Sudarshan (Sudi) Devanesen, CM, is a family medicine physician and educator, public health activist, and member of the Order of Canada. An order of which he was initiated into for his role in preventing Heart disease affecting South Asians in Canada.

Devanesen was founding president (1994–1997) of a South Asian Community Council of the Heart and Stroke Foundation of Ontario, and has both studied and educated on the risks of cardiovascular disease in the South Asian community in Canada.

Early life and education 
Devanesen is of Sri Lankan-Indian descent, born in Sri Lanka to a Sinhalese mother, and Tamil father. Devanesen's father, Chandran Devanesen, was the first Indian Principal of Madras Christian College while his mother, Savithri (Norma Amybelle) was a sister of Leslie Goonewardene, who founded Sri-Lanka's first political party, the Lanka Sama Samaja Party, and played an instrumental role in both the Indian independence movement and the Sri Lankan independence movement.
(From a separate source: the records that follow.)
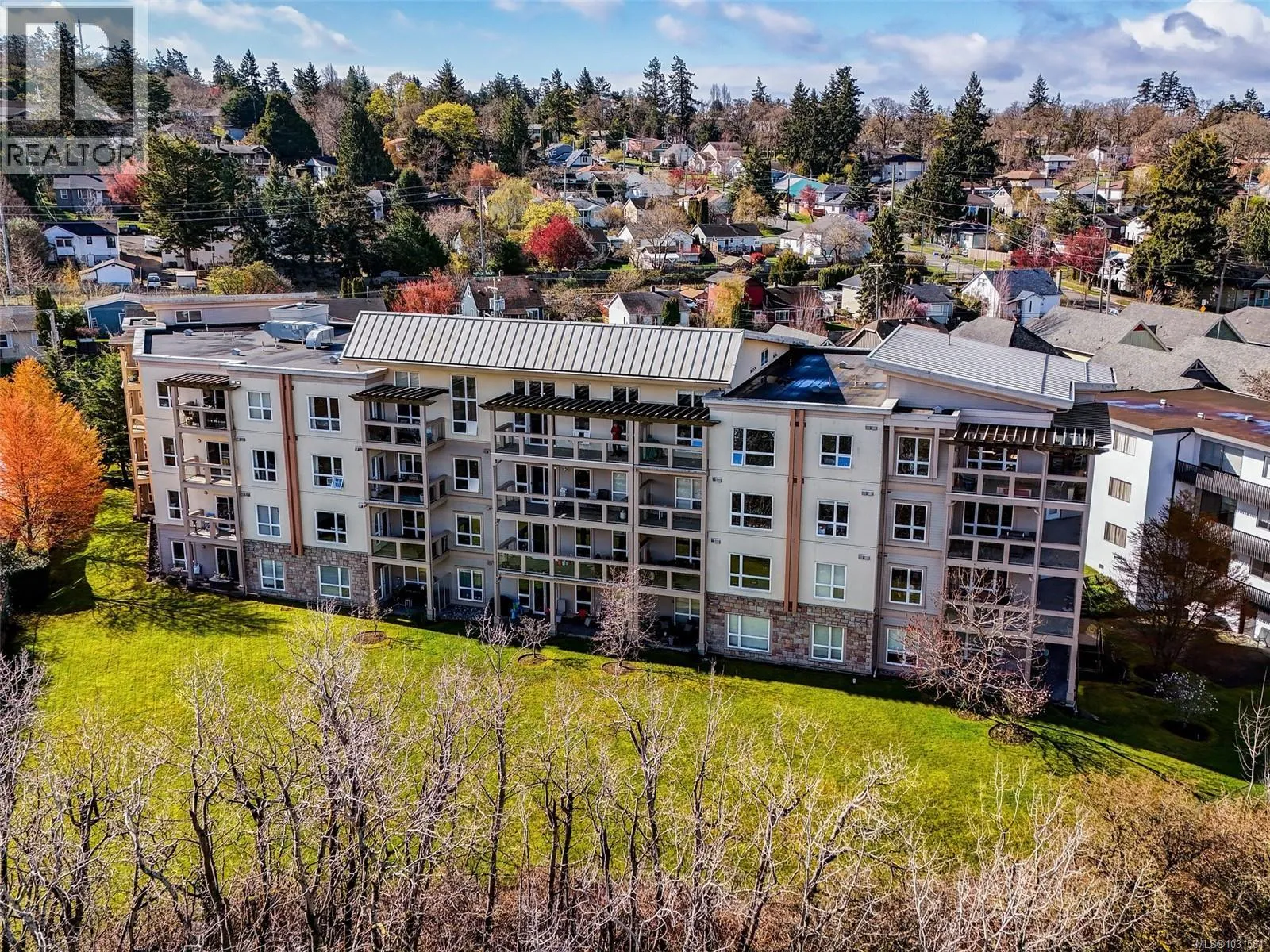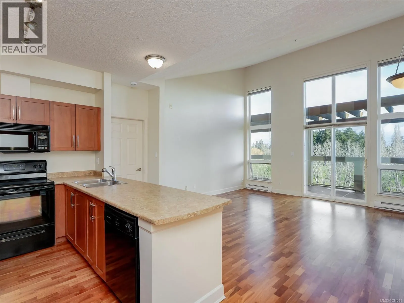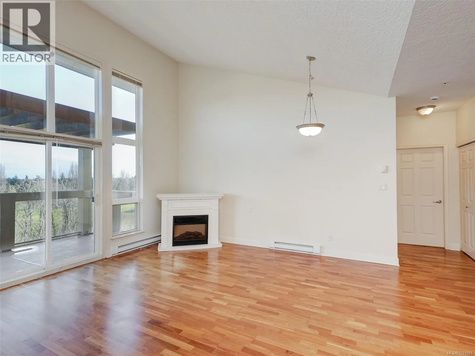 Absolutely gorgeous TOP FLOOR unit with soaring 14' ceilings positioned in the centre of the building and overlooking the golf course! Yes, this is by far, the very best unit within this building! This exceptionally spacious 2-bedroom, 2-bath home is perfect for your quiet moments and fabulous for entertaining. The open living and dining area is beautiully finished and features an electric fireplace and opens to a huge private balcony. Large windows provide ample natural light and being TOP FLOOR, the vaulted ceilings provide the best of the best from the moment you enter this unit. Ample cabinetry, and an island overlooking the main living area. Primary bedroom has a walk-in closet, private ensuite, while the second bedroom is at the other side of the unit to provide privacy for all. Second full bath, in-suite laundry, and great storage. Secure underground parking and bike storage-10 min to downtown. CFB Esquimalt a short walk! Located directly on the E&N Rail Trail, this home offers an easy 10-minute bike ride or drive to downtown, with parks, the Gorge Vale Golf Course, shopping, CFB Esquimalt if you're DND and transit just steps away. A fantastic opportunity to enjoy comfortable, low-maintenance living in a peaceful yet highly connected location. (id:27476)
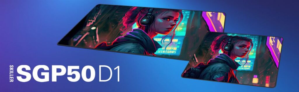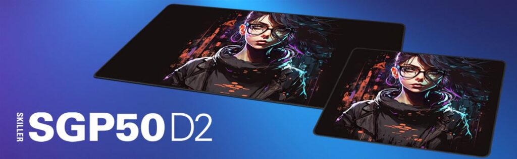 Die SKILLER SGP50 Mouse Mat wird in den drei Größen L, XL und XXL mit Abmessungen von 355 x 255 mm, 444 x 355 mm sowie 900 x 400 mm angeboten. Die Größe L ist dabei der schlichten schwarzen SKILLER SGP50 Black vorbehalten. Die SKILLER SGP50 D1 und SKILLER SGP50 D2 sind mit Comic-Motiven deutlich auffälliger gestaltet und in den Größen XL und XXL verfügbar.
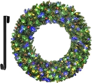 48 Inch 4 FT Large Christmas Wreath – Pre-lit Plug-in Outdoor Christmas Wreaths with 210 Colorful 8 Modes LED Lights, Hanger, Xmas Decorations for Door Outdoor Indoor Wall Home
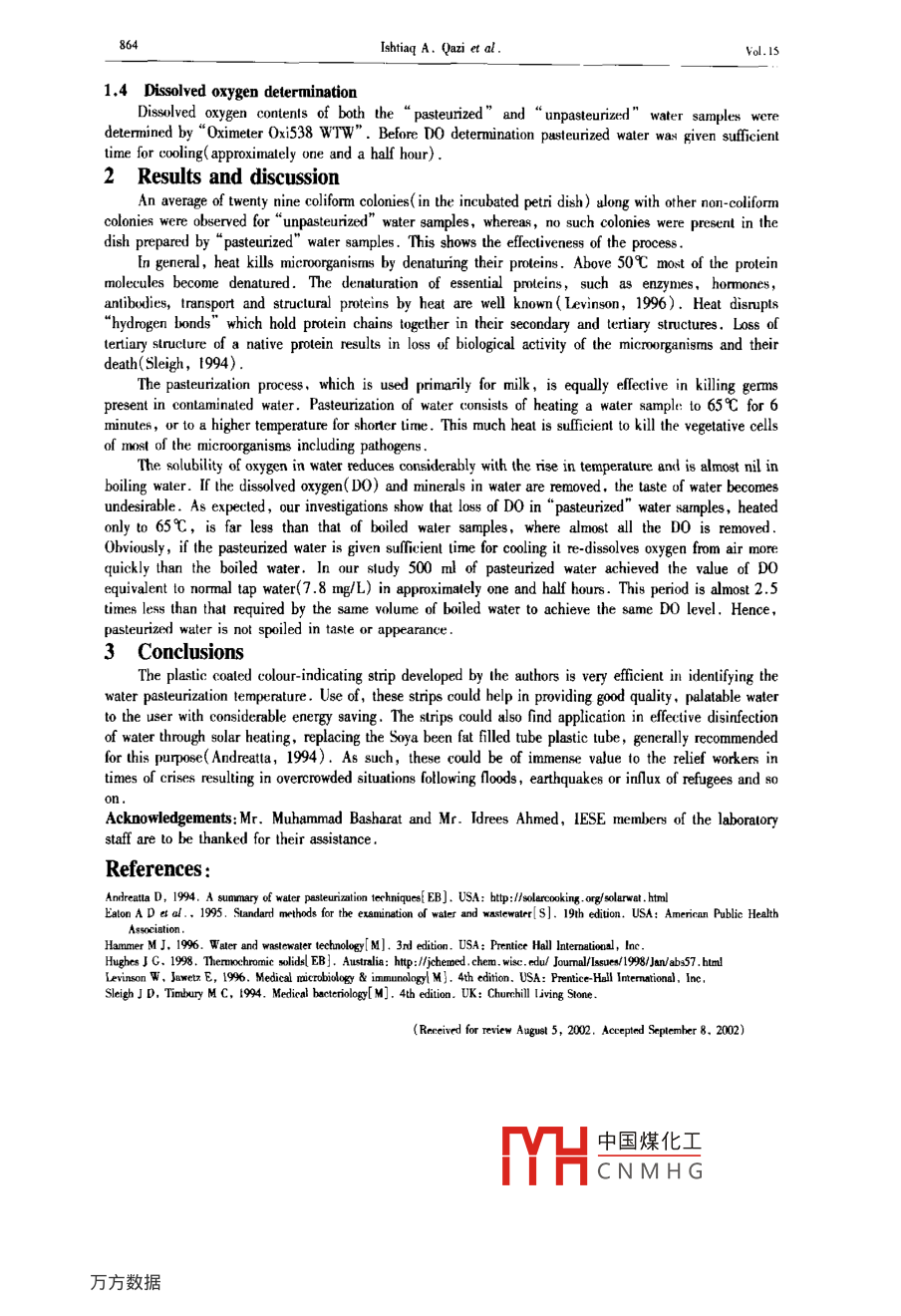 Jurud of Eninonenal Seienes Vol. l5.No6.pp.863- -864.2003IS 1001 10742CNI-2629XArtidle ID: 1074200-0863-020CLC number: X830.2Document code: ADevelopment of thermochromic strips as a water pasteurizationindicatorIshtiaq A. Qazil ,M. Ali Awan2 , M. Anwar Baig(1.Pakistan Council of Renewble Enesy Trhnogioe(PCRET), Islamahad, Palistun. E-mal: ihiag-qazaia @ yaoo vom; 2. Iatitnte ofEnvinometal Sciencer and Enincenge IESE), Natioal Univenily of Sienes & Technodug (xUSr). Realpindi, Palisea)Abstract: Biling of waler, for pufraion. cnmoly pertired in lbe wold, has meny poblems asociated wih it like danger of sealding.scealing in the vesspls. renoval of useful minerals and blandness ol taste elc. Water can be made safr for drinking simply by heating at 65T for6 minutes. A colour indicahing stip was dereloped which changes colour from red lo puple at 67r. Use of this strip cean help in peteunizingwater withnut the above problems and with considenable energy saring.balatn'Keywords: thermochromic srip; pasteurization indicator; PakistanIntroductionAccording to the United Nations Children' s Fund( UNICEF) about 60% of rural farmilies and 23% ofurban fanmilies in developing countries are withoul safe drinking waler and in some areas the waler suppliesmay be heavily contaminated with pathogenie organisms. Outbreaks of water bormne of infectious diseasesike hepatis are thus common in many parts of the world( Hanmer. 1996).Diarrhea, a common disease of children in the developing countries, is caused by the use ofmicrobialy contaminated waler . Dehydration, resulting from diarrhea, is the leading cause of death inchildren, under the age of five, klling an estimated five million children annually( Andreatla, 1994).Microbially contaminated water is usually boiled to make it free of microbials and safe for drinking.Boiling of waler. comnonly practiced, has many drawbacks associated with it, like danger of scalding,scaling of the boiling vessels, removal of useful minerals and blandness of taste( caused by the removal ofminerals and dissolved oxygen).It is generally known that heating water at 65C for six minutes will kill most of the nmicroorganisms(Andrealta,1994). The process is known as pasteurization a term is usually associated with milk.Pasteurization of water, performned al a lower temperalure than biling, can result in considerable savings infuel costs with associaled economic benefits.In order to do this, however, we need to have a convenient method of knowing, if and when, thewater being heated has atlained the cnitical lower temperature of 65 C. The present work describes thdevelopment and use of an indicator strip for this purpose that has been found to be very ronvenient andeffective in use.1 Methods.1 Thermochronic indicator stripsPaste of a thermochromic compound was prepared by following the method of Hughes( Hughes, 1998)by using sodium metabisulfite as the reducing agent. The thermochromic paste was then applied to anordinary filter paper and dried. The dried paper was cut inta strips, which were subsequently laminatedwith plastic. The resul was a low cost, plastic coated stip, which would change colour from“ red" to"purple" at 67C. The change is very sharp, easily noticeable and totally reversible . These characleristicsmake the strip an ideal indicator that can be conveniently used in monitoring the pasteurization lemperature(659C) of water.1.2 Pasteurization of water500 ml of tap water was heated on a Bunsen bumer . The temperalure was frequently monilored bydipping the above mentioned strip in the water. When the strip exhibited a colour change from red topurple the flame intensity under the water was reduced . This temperature monitoring was cuntinued for 6-7 minutes,in order to get pasteurized water. The procedure was applied to a number of waiter samples forreplication purposes .1.3 Standard coliform testThe standard total coliform test was performed on all the中國煤化工d" walersamples, using the Standard Menbrane Filtration Method( Eaton,TYHCNMHG864Ishtiaq A. Qazi et al.Vol.IS1.4 Dissolved oxygen delerminationDissolved oxygen contents of both the “ pasteurized”and “unpasteurized" water sanples weredelermined by“Oximeter 0xi538 WTW" . Before D0 detemination pasteurized water was given sufcienttime for cooling( approximately one and a half hour) .2 Results and discussionAn average of twenty nine coliform colonies( in the incubated petri dish) ulong with other non-coliformcolonies were observed for“unpasteurized" water samples,whereas, no such colonies were present in thedish prepared by' pasteurized" water samples . This shows the electiveness of the process .In general, heat kills microorganisms by denaturing their proteins. Above 509 most of the proteinmolecules become denatured. The denaturation of essential proteins, such as enzymes ,hormones,antibodies, transport and structural proteins by heat are well known ( Levinson,1996). Heat disnupts“hydrogen bonds”which hold protein chains together in their secondary and tertiary structures. Loss oftertiany struclure of a native protein results in loss of biological activity of the microorganisms and theirdeath( Sleigh, 1994) .The pasteurization process. which is used primarily for milk, is equally elective in klling germspresent in contaminated water. Pasteurization of water consists of heating a water sample: to 65C for 6minutes, or to a higher temperature for shorter time. This much heat is sufficient to kill the vegetative cellsof most of the microorganisms including pathogens .The solubility of oxygen in water reduces considerably with the rise in temperature and is almost nil inboiling waler. If the dissolved oxygen( D0) and minerals in water are removed, the taste of water becomesundesirable. As expected,our investigations show that loss of DO in“pasteurized" water sarmples, heatedonly to 65C, is far less than that of boiled waler samples, where almost all the D0 is removed .Ohviously, if the pasteurized wate
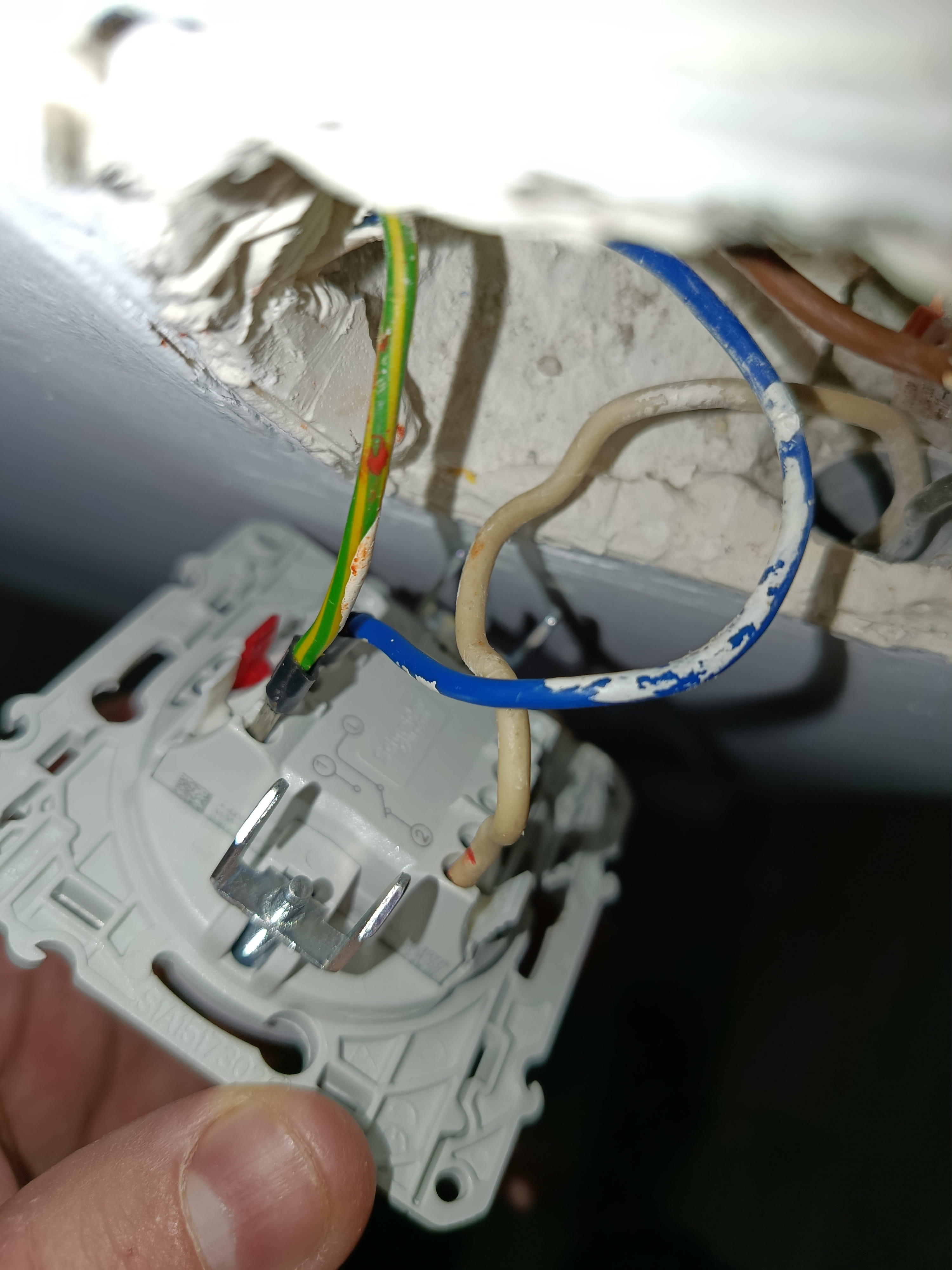 En regardant un schéma, j'ai compris qu'il fallait trois fils, il y en a bien trois, mais dedans il y a la terre. Un fil bleu, un beige et l'autre côté bleu et marron et la terre.
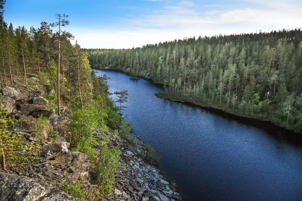 Ihailimme jyrkänteen maisemia pitkän aikaa. Kemijärventieltä ohi ajavien autojen ääniä kuului välillä, mutta muutoin ei muusta maailmasta ollut tietoakaan. Kesäillan auringossa piehtaroiva Hirviäkuru ei vaikuttanut varsinaiselta turistimagneetilta, vaikka maisemineen olisi kyllä todellakin kaikkien näkemisen arvoinen.
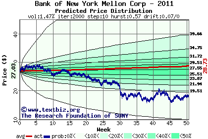 The high to date and low to date prices of the stock plotted against a random walk model for 2011 (what's this?).

Devanesen studied at Bishop Cotton Boys' School in Bangalore, Madras Christian College of the University of Madras, and the Christian Medical College in Vellore, all in India.

Career 
Devanesen began his medical practice in remote villages in Tamil Nadu and Rajasthan.

In 1972, he immigrated to Canada. After briefly training at Janeway Children's Hospital at Memorial University of Newfoundland in St. John's, Newfoundland, he moved to Toronto He joined the Post Graduate programme in Family Medicine at St Michael's Hospital.. He began study at St. Michael's Hospital and the Faculty of Medicine of the University of Toronto in 1973; he would eventually become chief of family and community medicine at St. Michael's Hospital from 1988 to 1998 and is today an Associate professor at the University of Toronto. He was medical director of the Broadview Community Health Clinic from 1980 to 1989. He also served as physician for the Fred Victor Centre, a downtown Toronto mission serving the homeless, and on the board of directors of Casey House, a hospice serving HIV/AIDS patients.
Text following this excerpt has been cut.